Manitoba Hydro, backed by the NDP government, is undertaking an expensive advertising campaign to "sell" the public on the wisdom of undertaking the largest, $20-billion-plus, public investment in the province's history.

In its campaign, the utility recalls its halcyon days of the 1960s and 1970s, when, virtually without opposition, it tamed Manitoba's northern rivers and began the development of northern hydro generation. Much has happened since, and the changes are not harbingers of future success.

1. Construction costs are now many multiples of the cost levels of 50 years ago, while export sales to America, which serve as the foundation of Hydro's plans, are dominated by spot sales bringing only three cents or less per kilowatt hour (Manitoba's electricity exports have been subsidizing American electricity consumption since 2008).

2. While export prices are low, the marginal cost of bringing new generation and transmission to market will exceed 10 cents per kilowatt hour.

3. Northern development requires the co-operation of First Nations, and the price of co-operation is high, and comes when Americans have choices for their supply of electricity, favouring projects that provide jobs for Americans, as economic issues trump environmental worries.

4. While the cost of producing new hydro-electric power has soared, the cost of producing power from natural gas has fallen (new technology has brought new supply and a collapsing of the price of natural gas -- making generation through efficient combined-cycle gas plants a sound economic choice.

5. Industrial demand for power is flat or falling -- The Tembec paper mill has closed, HudBay has closed its smelter, and Vale is closing its smelter and refinery in Thompson.

With Hydro's plans dependent upon the utility's long-term forecasts, the unfortunate truth is that Hydro's cost, electricity demand and export income forecasts have habitually been woefully wrong. For example, Hydro built Wuskwatim for $1.8 billion, not for the $900 million it expected. The export prices for Wuskwatim's output have averaged less than half Hydro's forecast, resulting in the prospect of the dam losing $100 million a year.

Hydro's net income results now rely not only on annual large, twice-the-rate-of-inflation, rate increases but also the deferral of hundreds of millions of dollars the utility has spent but not recorded as an expense. These deferred costs include levies made by the government, which has recorded them as income. And the utility's balance sheet is supported by the inclusion of hundreds of millions of intangible, illiquid and non-performing assets; there are no liquid retained earnings.

By itself, Bipole III will eventually require a domestic rate increase of 30 per cent, and no one can be certain spending another $15 billion or more to construct Keeyask and Conawapa will not end up driving even larger rate increases.

The government has directed that its plans for Hydro will be subject to a review before the Public Utilities Board, as if such an event will 'relax' the population; leaving aside the fact a proper review should have taken place before Hydro spent a billion and more, entered into partnerships with two First Nations and committed itself to selling more power to the Americans.

The review by PUB will not consider Bipole III or the contracts with First Nations; these matters are to be considered a given.

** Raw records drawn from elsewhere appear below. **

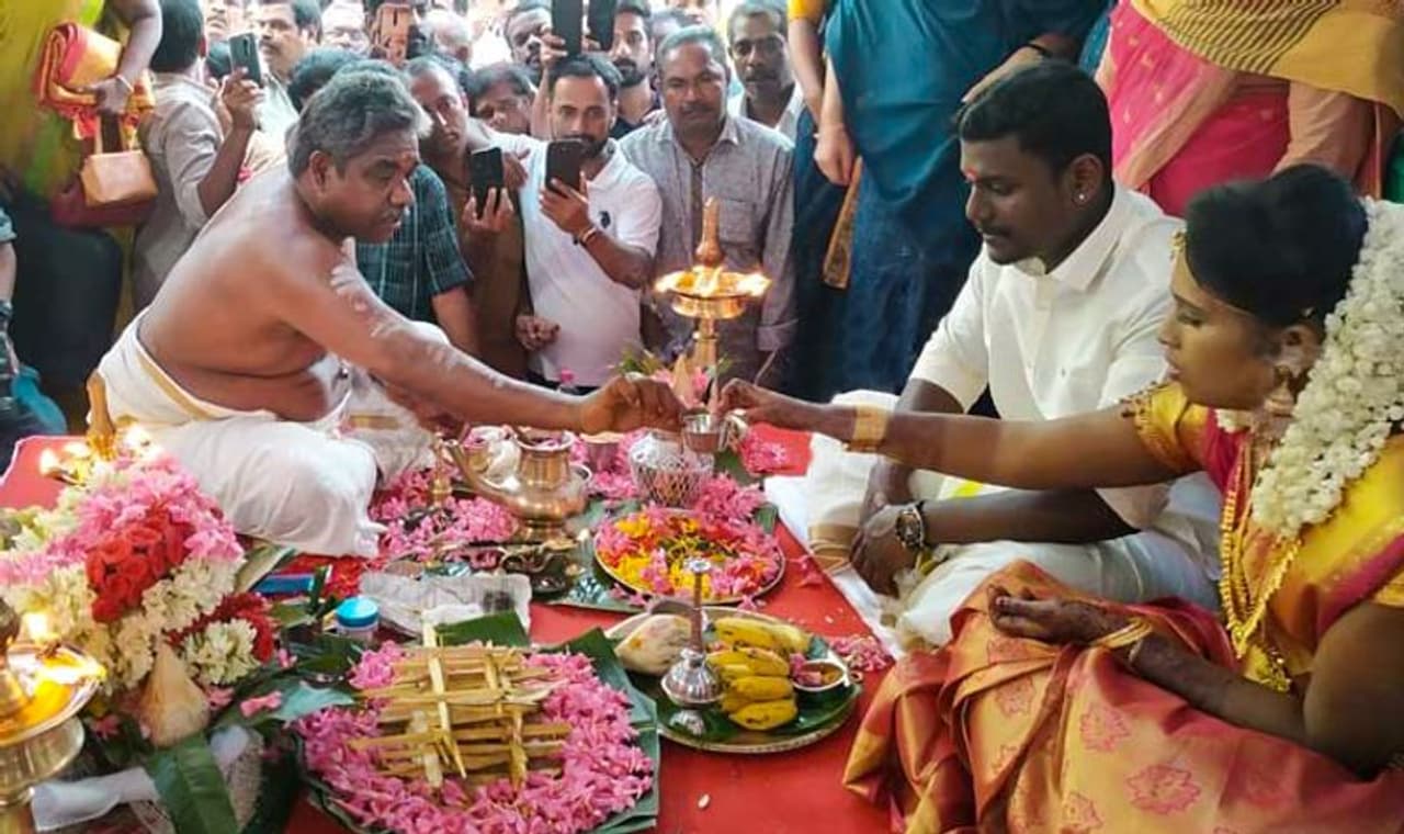 കഴിഞ്ഞ വർഷം ഹൃദയാഘാതം വന്നാണ് അഞ്ജുവിന്റെ അച്ഛൻ അശോകൻ മൂന്നുമക്കളെയും ഭാര്യ ബിന്ദുവിനെയും വിട്ടുപിരിഞ്ഞത്. മൂത്തമകളായ അഞ്ജുവിന്റെ വിവാഹം നടത്താൻ മറ്റ് വഴികളൊന്നുമില്ലാതെ വന്നപ്പോഴാണ് വീടിന് സമീപത്തുള്ള മുസ്ലീം ജമാ അത്ത് പള്ളിക്കമ്മറ്റിയെ ബിന്ദു സമീപിക്കുന്നത്. വിവാഹത്തിന് സഹായം നൽകാമെന്ന വെറുംവാക്കല്ല, പള്ളിക്കമ്മറ്റി അംഗങ്ങൾ പറഞ്ഞത്. വിവാഹത്തിന്റെ എല്ലാ ചെലവുമുൾപ്പെടെ ആഘോഷപൂർവ്വം നടത്തിത്തരാമെന്നാണ്. ക്ഷണക്കത്ത് മുതൽ ഭക്ഷണവും ആഭരണങ്ങളും ഉൾപ്പെടെ ഒരുക്കി ജമാ അത്ത് കമ്മറ്റിയുടെ നേതൃത്വത്തില് വിവാഹ ഒരുക്കങ്ങള് നടത്തിയപ്പോള് നാടൊരുമിച്ച് നിന്നു. മുഖ്യമന്ത്രി പിണറായി വിജയനും ഫേസ്ബുക്ക് പോസ്റ്റിലൂടെ വധൂവരന്മാർക്ക് ആശംസകൾ നേർന്നു.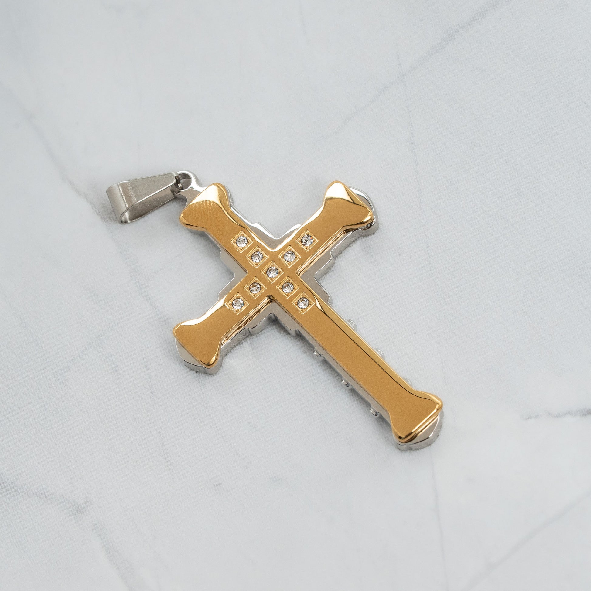 Dije Cruz Cuadros en Oro Laminado Italiano 18K con diseño clásico y acabado brillante. Combina elegancia y durabilidad. Una pieza resistente que mantiene su belleza a lo largo del tiempo, ideal para realzar cualquier look.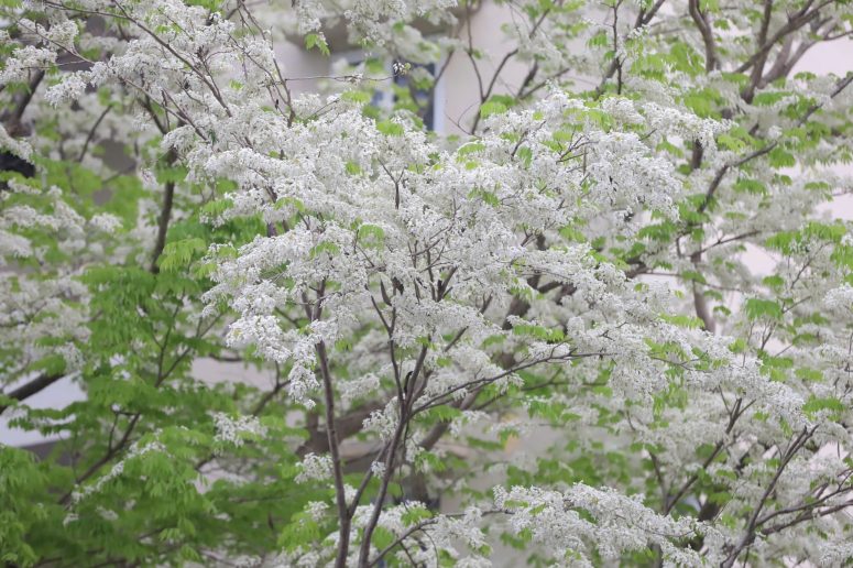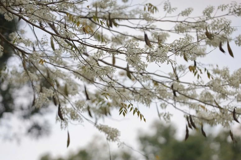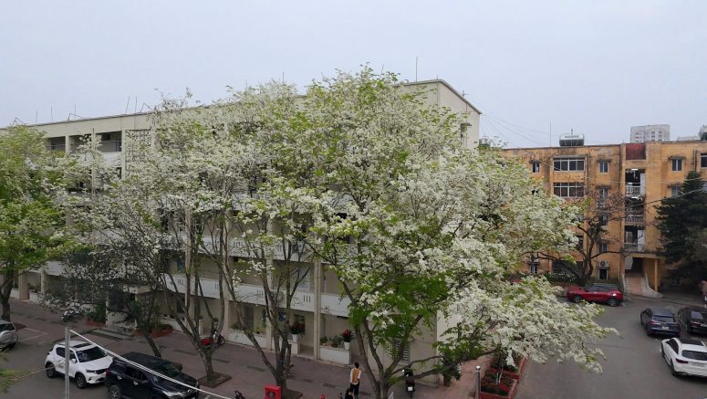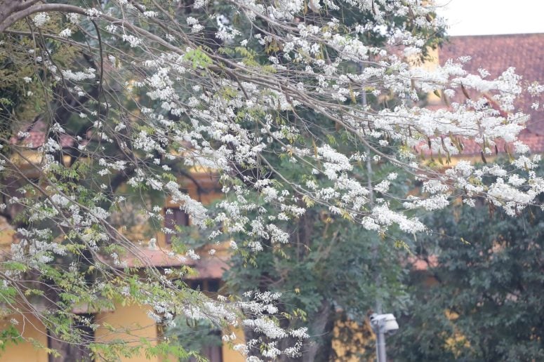 Trong khuôn viên khu Ngoại giao đoàn Trung Tự (Đặng Văn Ngữ, Đống Đa), hàng sưa bung nở tạo nên một góc chụp ảnh tuyệt vời cho những ai yêu hoa.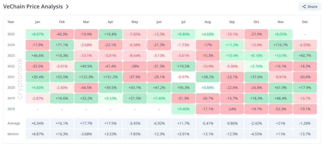VeChain’s price performance over the last seven years shows November has usually been its strongest month. The median return of 10.9% and the average return of 20.9% stand as the highest among all months. These gains often come after periods of muted activity, giving long-term holders reason to expect seasonal strength.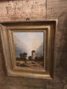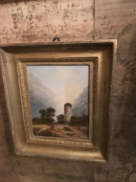 - NOTIZIE STORICO CRITICHE La coppia di dipinti, a olio su cartoncino, raffigura due paesaggi. Nel primo, di ambientazione invernale, un¿abbazia medievale e un¿abitazione \nsi affacciano su una piccola piazza, al centro della quale si erge una scultura; qui sostano due uomini, mentre un cavallo traina un carro coperto. Il secondo, invece, è un paesaggio montano; su un¿altura rocciosa fianc\nheggiata da alberi e circondata da alture scoscese si innalza una torre cilindrica in rovina, di fronte alla quale si osservano due figure e un animale. I due dipinti anonimi sono da collegare alla pittura di paesaggio lombarda del XIX secolo.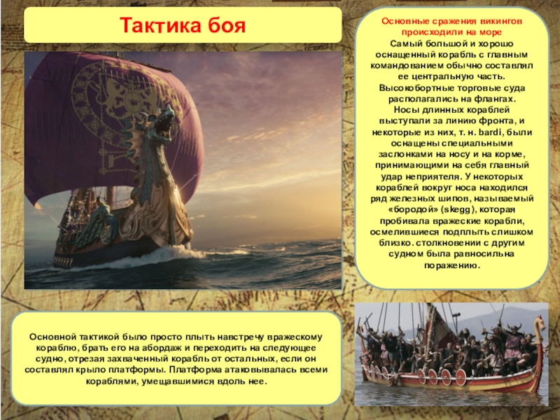 Военным успехам викингов способствовали их необычные корабли – дракары. Эти боевые ладьи вмещали около 20 гребцов, имели небольшую осадку, могли ходить на веслах и под парусом как по морю, так и по руслам рек, причем даже самых мелких.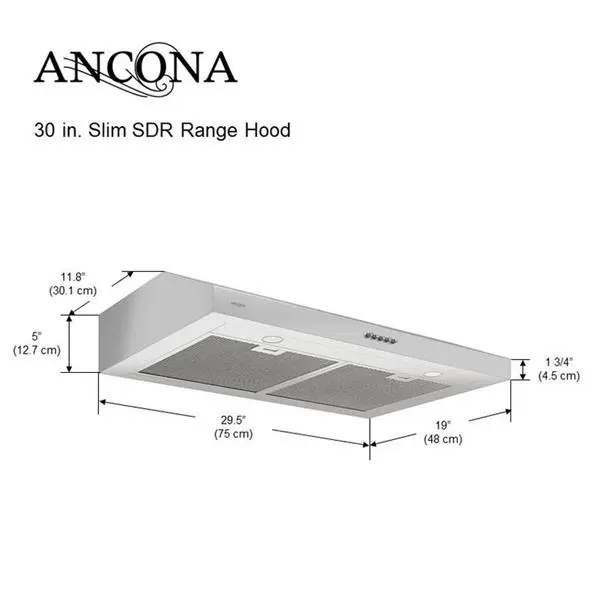 Élégante et compacte, la hotte de cuisine Slim SDR de 30 po d’Ancona a été conçue en acier inoxydable 430 de haute qualité. Proposant 3 vitesses, cette hotte saura transformer votre cuisine et chassera les odeurs de cuisson, la fumée et la vapeur en un temps record. Cette hotte propose trois types de ventilation soit à l’arrière, à la verticale ou à l’horizontale et peut remplacer n’importe quelles hottes standards de 5 po de hauteur.Hotte à montage sous l’armoire de 30 po.325 pi³/min selon les tests indépendants2 lampes halogènes 35WFiltres de charbon inclusVentilation extérieure comprise, recirculation intérieure de l’air possible à l’achat de kit de recirculation vendu séparément.Convient à une armoire et remplace les hottes standards d’au moins 5 po de hauteur.170 W /120 V60 Hz / 0.96 AHomologué cETLus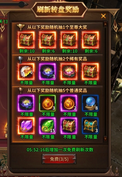 (3) 可通过刷新转盘来更改转盘奖励,选择自己心仪的至尊大奖。初始赠送一次免费刷新转盘次数,之后每隔8小时会增加1次,最多可累计3次免费刷新次数。也可以直接消耗钻石进行刷新转盘奖励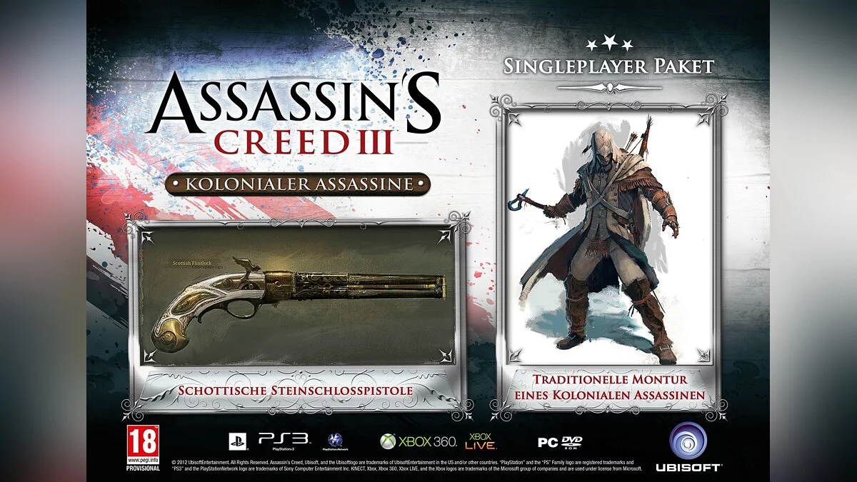 Оформившие предзаказ в «Амазоне» получают колониальную экипировку ассасина, кремниевый пистолет и ручной топор.

It will not seriously consider other options to meet future increased domestic electricity demand, options that would allow for a deferral of Keeyask, Conawapa and Bipole III.

And the review will not be held before an expert and independent panel (the members of the Public Utilities Board are not utility experts, and have all been appointed by government).

These are not Hydro's halcyon days, far from it. These are also not the province's halcyon days. In the 1960s and 1970s, the province lacked the heavy debt load it now has, and was not recording annual deficit after annual deficit.

A private company with the balance sheet and history of inaccurate forecasting Manitoba Hydro has wouldn't risk its shareholders' money with the gamble now being implemented by Hydro with the NDP government's backing. Such a company would not even be able to raise the money required to undertake the gamble.

If Hydro's plans are implemented, while government's income from levies made on Hydro will soar, regardless of the results, ratepayers won't be so lucky. Ratepayers will pick up the tab, with the risk for lower income households being in energy poverty. Imagine the impact on a lower-income household heated by electricity receiving an average monthly electricity bill of $480; it is not difficult to forecast an eventual tripling of rates, with negative consequences for the entire Manitoba economy.

Manitobans are now paying for propaganda intended to lull them into a false sense of security, one relying on questionable projections and an absence of a comprehensive independent expert review and audit.

These are not Hydro's halcyon days, nor the province's, nor the population's, far from it.

 

Graham Lane was chairman of the Manitoba Public Utilities Board from 2004 to 2012. He is giving a speech titled Dam-Nation — Rolling the Dice on Manitoba’s Future, to a sold-out audience at the Winnipeg Convention Centre on Wednesday, June 5, hosted by the Frontier Centre. Lane’s report will be available at www.fcpp.org following the speech.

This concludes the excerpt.